* _Given entries_
_ _ _ _
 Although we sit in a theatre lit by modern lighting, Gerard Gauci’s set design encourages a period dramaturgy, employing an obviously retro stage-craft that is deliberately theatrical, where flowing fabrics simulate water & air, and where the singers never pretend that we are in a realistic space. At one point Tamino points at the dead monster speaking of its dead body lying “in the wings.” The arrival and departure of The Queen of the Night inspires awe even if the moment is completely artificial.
_ _ _ _
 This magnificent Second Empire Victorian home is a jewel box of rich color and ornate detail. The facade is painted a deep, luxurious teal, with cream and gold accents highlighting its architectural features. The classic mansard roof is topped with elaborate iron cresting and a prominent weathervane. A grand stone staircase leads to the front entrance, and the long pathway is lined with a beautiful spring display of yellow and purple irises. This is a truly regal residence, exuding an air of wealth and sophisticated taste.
_ _ _ _
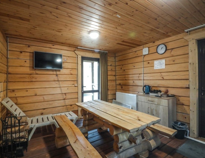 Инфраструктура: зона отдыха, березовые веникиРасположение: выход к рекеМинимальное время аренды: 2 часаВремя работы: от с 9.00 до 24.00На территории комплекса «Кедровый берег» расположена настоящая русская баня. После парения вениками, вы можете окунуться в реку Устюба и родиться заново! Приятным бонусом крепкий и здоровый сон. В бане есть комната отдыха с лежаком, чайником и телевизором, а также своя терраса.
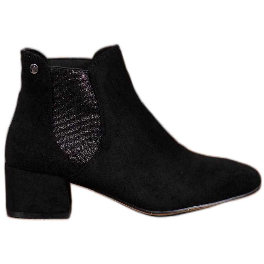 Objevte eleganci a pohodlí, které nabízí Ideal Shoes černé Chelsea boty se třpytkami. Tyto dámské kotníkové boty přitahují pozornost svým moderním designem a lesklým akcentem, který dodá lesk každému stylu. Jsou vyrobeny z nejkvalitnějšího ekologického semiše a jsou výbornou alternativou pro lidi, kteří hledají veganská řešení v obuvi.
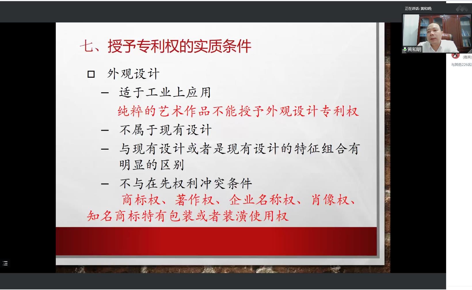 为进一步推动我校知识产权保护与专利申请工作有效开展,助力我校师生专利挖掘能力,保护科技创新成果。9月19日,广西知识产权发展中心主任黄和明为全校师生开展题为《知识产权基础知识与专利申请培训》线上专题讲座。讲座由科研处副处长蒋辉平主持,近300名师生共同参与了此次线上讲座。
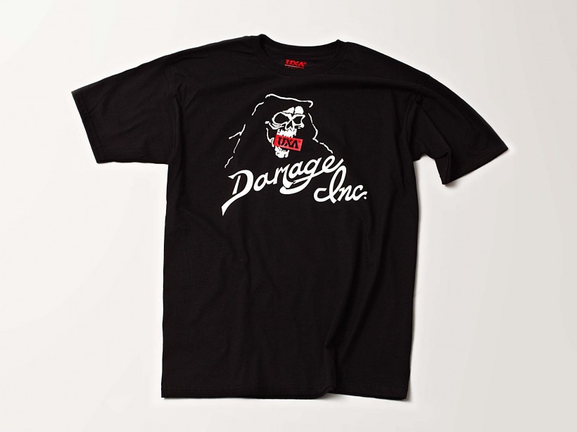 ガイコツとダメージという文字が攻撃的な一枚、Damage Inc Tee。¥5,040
_ _ _ _
* _Exercise directions_
Find the line with "为进一步推动我校知识产权保护" in the entries above. Set down exactly every line from it up to and including the line with "ガイコツとダメージという文字が攻撃的な一枚、Damage Inc Tee。¥5,040", images excluded.

* _Your response_
 为进一步推动我校知识产权保护与专利申请工作有效开展,助力我校师生专利挖掘能力,保护科技创新成果。9月19日,广西知识产权发展中心主任黄和明为全校师生开展题为《知识产权基础知识与专利申请培训》线上专题讲座。讲座由科研处副处长蒋辉平主持,近300名师生共同参与了此次线上讲座。
 ガイコツとダメージという文字が攻撃的な一枚、Damage Inc Tee。¥5,040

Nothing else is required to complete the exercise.